Most Christmas cards have pretty winter scenes or photos of adorable children.
Mine look like this.
This wasn’t exactly the plan, of course. If someone had asked me when I was a teenager what I thought my Christmas card would look like when I was 26, my answer would not have been “A picture of me and my goldfish in front of my artificial hand-me-down Christmas tree, of course.”
Yet, here I am. Year four of Goldfish Christmas Cards, which I think means I’m allowed to call it a tradition now. I don’t even remember where I initially got the idea, but my original goal was mostly for my own amusement. Even still, that’s a large part of the reason I do it–if I didn’t have fun with it, I’d stop.

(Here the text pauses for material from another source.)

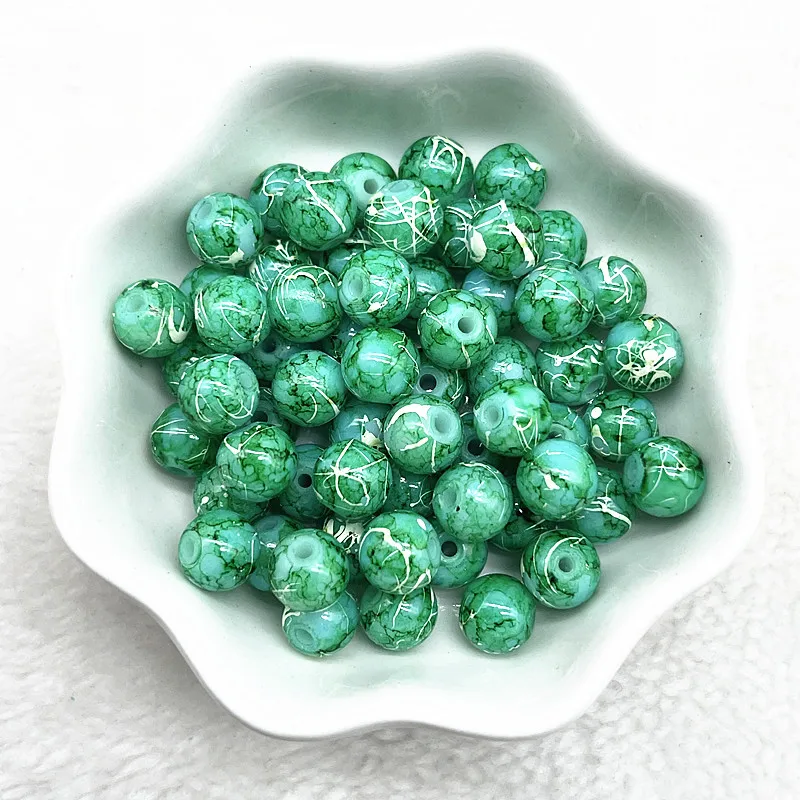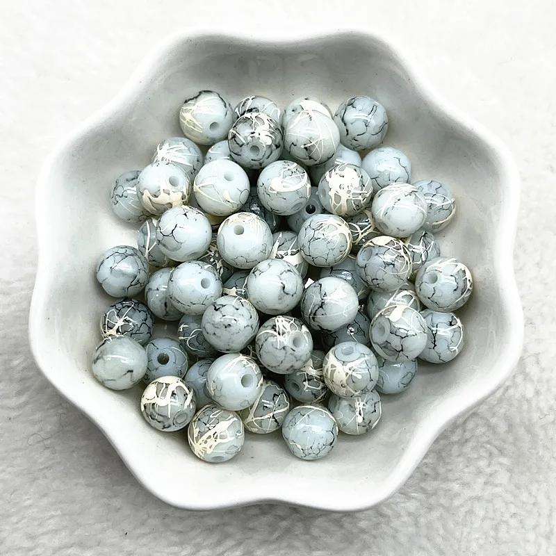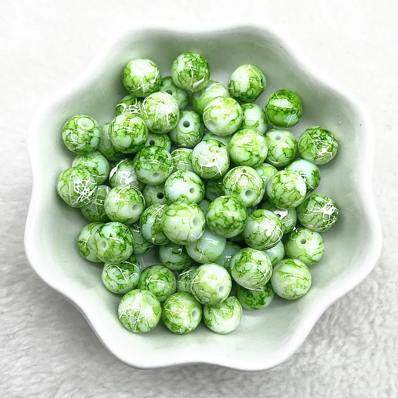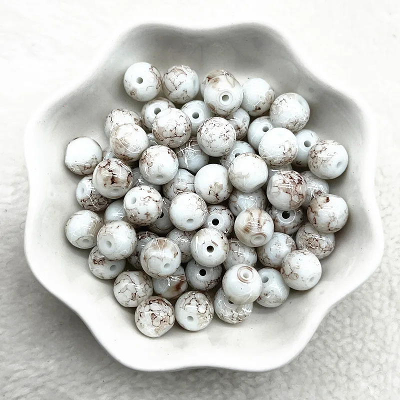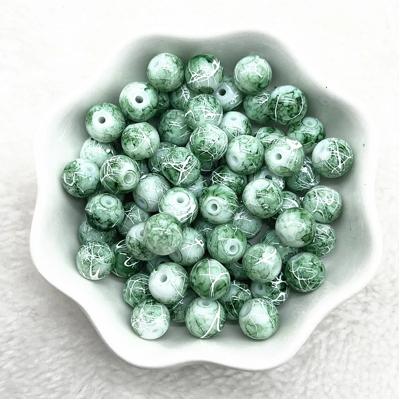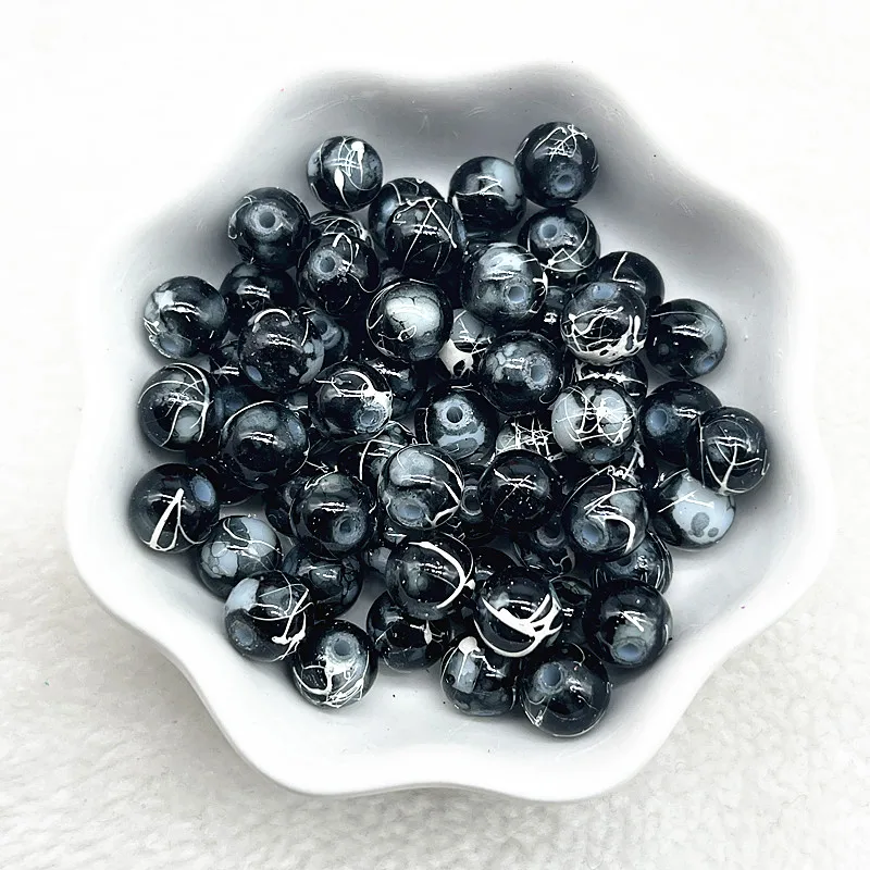 New 4/6/8/10mm Pattern Round Glass Beads Loose Spacer Beads for Jewelry Making DIY Bracelet Necklace Accessories

At the same time, it’s come to mean a bit more to me. I decided I’m over the idea that only couples or families are allowed to have photo Christmas cards. I fully realize I’m not as cute as my young nieces and nephews who grace their families’ cards, but I like thinking of creative ideas for poses and pun-tastic phrases and sharing them with my family and friends. Though I try not to, I sometimes use being single as a reason for why I’m not a “real adult yet,” and I didn’t want to let my singleness be an excuse for not participating in the strange but lovely tradition of exchanging Christmas cards.
Is it a “normal” Christmas card? No. Is it how I thought my Christmas cards would look, or even how I want mine to look for the rest of my life? No. Is it an accurate reflection of where I’m at in life right now? Yup. I live by myself in the house I bought, and the only other creature who resides here permanently is my goldfish. So instead of a “2016 Update” letter included in a card with a typical winter or Christmas setting, this feels particularly fitting this year.
So from our bowl to yours, til next time…
~Brianna!~
p.s. If you’re single, do you send Christmas cards?
I think its great you did a card. I know our society hypes up xmas cards to be about families and such but like you I did a personalized card this year. Only substitute the tree and fish with my roommate and cat 🙂 We never know what our path will be and there’s no sense in missing out on life just because it looks different than we thought it would. Good for you for not missing out!